El reciente fallo de la Suprema Corte de Justicia Nacional (SCJN) que permite portar hiyab u otras prendas religiosas en la fotografía del pasaporte no es un caso aislado. La autoridad ha redefinido qué requisitos son legales y compatibles con los derechos humanos al tramitar este documento oficial.
La SCJN estableció que el pasaporte está vinculado directamente a derechos constitucionales como el libre tránsito, la libertad religiosa, la identidad personal y el derecho a no ser discriminado. Bajo este criterio, el tribunal señaló que:
el Estado no puede imponer condiciones que vayan más allá de lo estrictamente necesario para identificar plenamente a la persona solicitante.
En su fallo más reciente, la Corte determinó que las personas pueden conservar prendas religiosas que no cubran el rostro, como el hiyab, en la fotografía del pasaporte, siempre que no se afecte la identificación facial.
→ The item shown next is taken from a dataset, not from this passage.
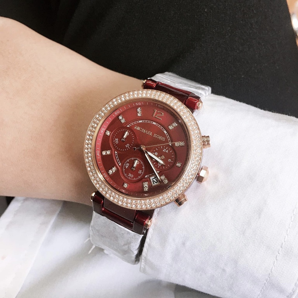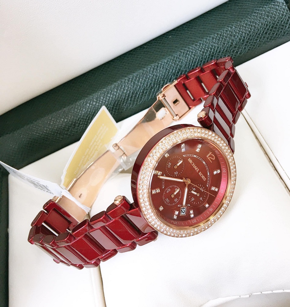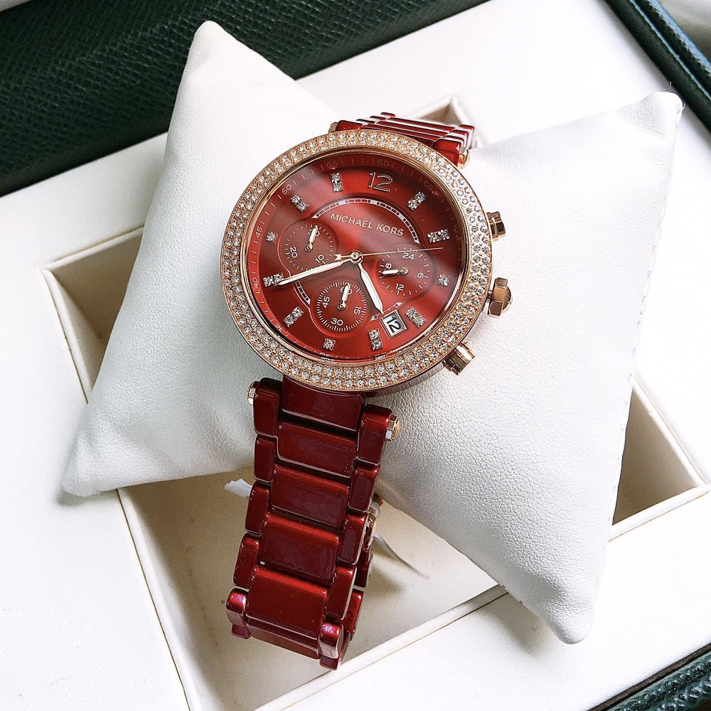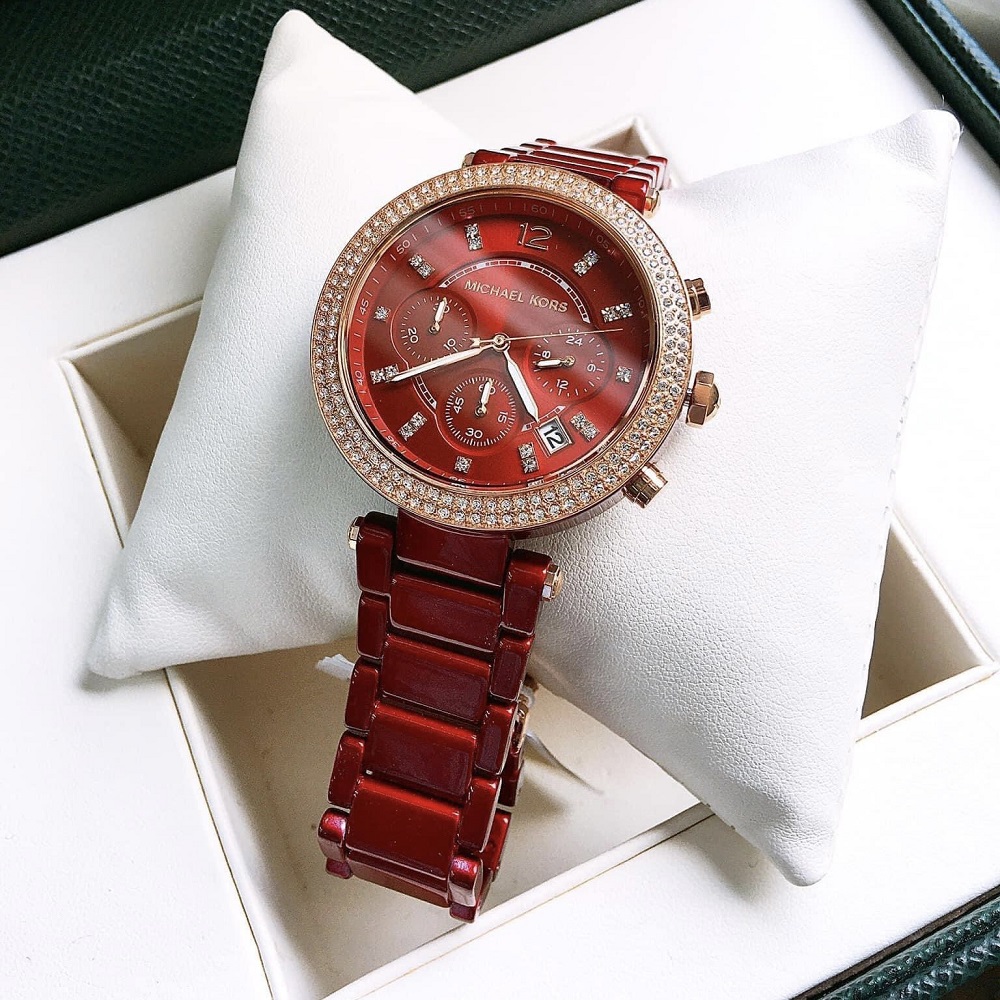 Đồng hồ Nữ Michael Kors MK6805 Parker với tone màu đỏ sang trọng kèm thiết kế 6 Kim giờ, phút, giây . Máy Chronograph, bằng kính Khoáng, phối số chỉ giờ

El Alto Tribunal concluyó que exigir neutralidad estética o eliminar símbolos religiosos vulnera la libertad religiosa y el derecho a la identidad, sin aportar beneficios reales a la seguridad del documento.
El pasaporte no puede ser usado como castigo
Otro criterio relevante es que el pasaporte no puede ser utilizado como herramienta de sanción administrativa. La SCJN resolvió que no se puede negar o retener este documento por adeudos fiscales, multas administrativas o conflictos civiles o laborales, salvo en casos excepcionales con orden judicial expresa.

La Corte también intervino en casos de menores, estableciendo que el interés superior de la niñez debe prevalecer y que los conflictos entre padres no justifican restringir el derecho del menor a contar con documentos de identidad.
A pesar de estos límites, la SCJN aclaró que el gobierno sí puede imponer requisitos razonables como:
- datos biométricos visibles del rostro
- documentación oficial que acredite identidad y nacionalidad
- restricciones derivadas de procesos penales graves con respaldo judicial.
La clave es que las exigencias sean proporcionales, necesarias y justificadas. Estos fallos marcan un precedente que obliga a la Secretaría de Relaciones Exteriores a respetar estos criterios, permitiendo que las personas impugnen actos arbitrarios y exijan que su pasaporte sea tramitado sin discriminación ni restricciones indebidas.